Edit: (as per mjy's comment). Using strcat in this fashion is a great way of getting buffer overflows. You could readily write a small function that checks the size of the buffer and length of incoming string addition to overcome this, or use realloc on a dynamic buffer. IMO, the onus is on the programmer to check correct buffer sizes where they are used, as with sprintfs and other C strings functions. I assume that C is being used over C++ for performance reasons, and hence STL is not an option.

Edit: As per request from Filip's comment, a simple strcat implementation based on a fixed size char buffer:

char buffer[MAXSIZE] = "";

int mystrcat(char *addition)
{
   if (strlen(buffer) + strlen(addition) + sizeof(char)  >= MaxSize)
     return(FAILED);
   strcat(buffer,addition);
   return(OK);
}

Using dynamic allocation:

char *buffer = NULL;

int mystrcat(char *addition)
{
   buffer = realloc(buffer, strlen(buffer) + strlen(addition) + sizeof(char));
   if (!buffer)
     return(FAIL);
   strcat(buffer, addition);
   return(OK);
}

In this case you have to free your buffer manually when you are finished with it. (Handled by destructors in C++ equivalents)

Addendum (Pax):

Okay, since you didn't actually explain why you had to create message[1024], here it is.

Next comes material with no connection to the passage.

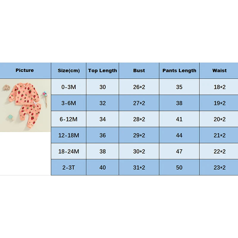Each size sold separately and includes one outfit (1 long sleeve strawberry print sweatshirt + 1 pair of pants). Cozy and comfortable cotton, polyester, spandex blend.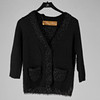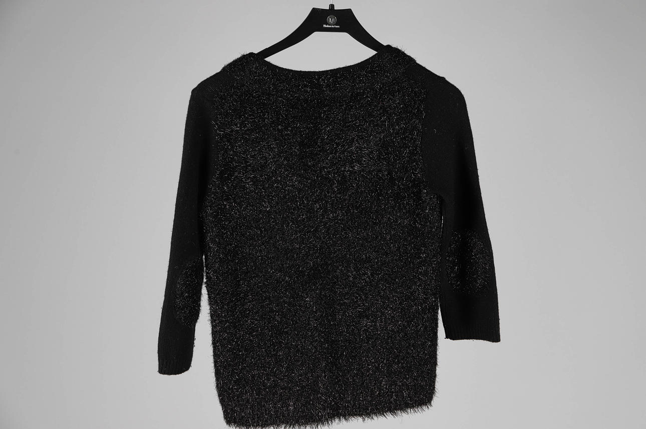 strikket sort cardigan i cashmere, uld og polyester. Knap med trykknapper. Brystbredde ca. 90 cm. Længde ca. 55 cm.

With char *x = "hello", the actual bytes ('h','e','l','l','o',0) (null on the end) are stored in an area of memory separate from the variables (and quite possibly read-only) and the variable x is set to point to it. After the null, there's probably something else very important. So you can't append to that at all.

With char x[1024]; strcpy(x,"hello");, you first allocate 1K om memory which is totally dedicated to x. Then you copy "hello" into it, and still leave quite a bit of space at the end for appending more strings. You won't get into trouble until you append more than the 1K-odd allowed.